AIM OF THE EXERCISE:
An exact reprint of the listing is required, with no pictures included.

SOURCE MATERIAL:
════════

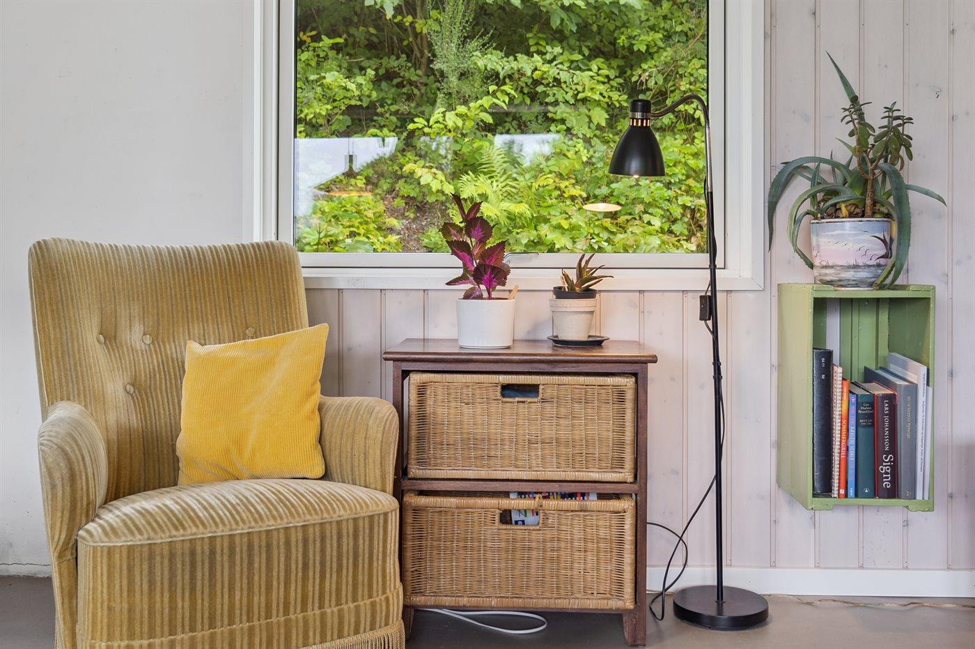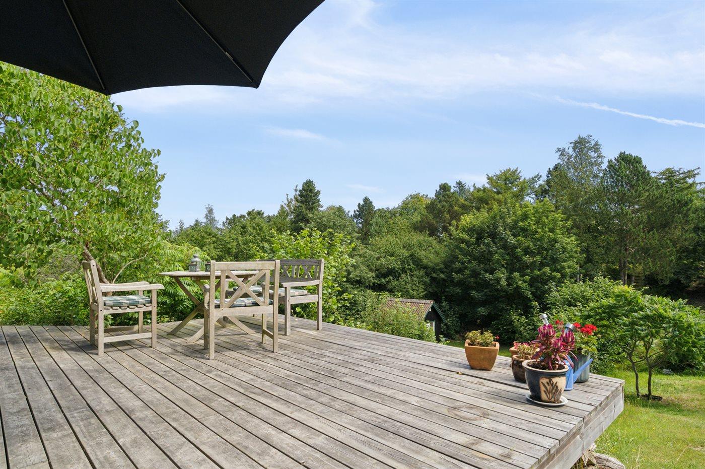 Ferieboligen er beliggende på en 1300 m² stor naturgrund. Der er 800 m til havet. Der er en badebro i nærheden. Nærmeste forretning er beliggende i en afstand af 3000 m. Til ferieboligen hører åbent terrasseareal. Desuden er der overdækket terrasse. Bålsted. Grill til rådighed. Parkering ved ferieboligen.
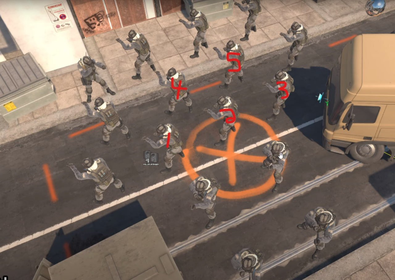 На Overpass, к примеру, оставили только эти 5 точек спавна, как на картинке. То есть любители пикать фонтан с AWP (это я) жестко обломились. Да и инста-смоки теперь бросаются дольше.
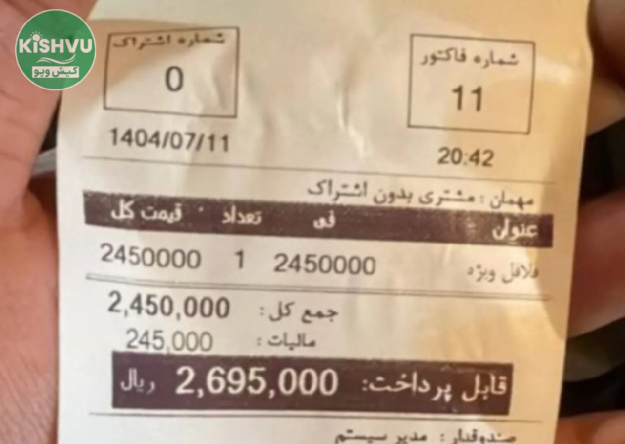 عکس عجیب از فاکتور قیمت یک ساندویچ فلافل در کیش

════════

RESULT FOR THIS EXERCISE:
 Ferieboligen er beliggende på en 1300 m² stor naturgrund. Der er 800 m til havet. Der er en badebro i nærheden. Nærmeste forretning er beliggende i en afstand af 3000 m. Til ferieboligen hører åbent terrasseareal. Desuden er der overdækket terrasse. Bålsted. Grill til rådighed. Parkering ved ferieboligen.
 На Overpass, к примеру, оставили только эти 5 точек спавна, как на картинке. То есть любители пикать фонтан с AWP (это я) жестко обломились. Да и инста-смоки теперь бросаются дольше.
 عکس عجیب از فاکتور قیمت یک ساندویچ فلافل در کیش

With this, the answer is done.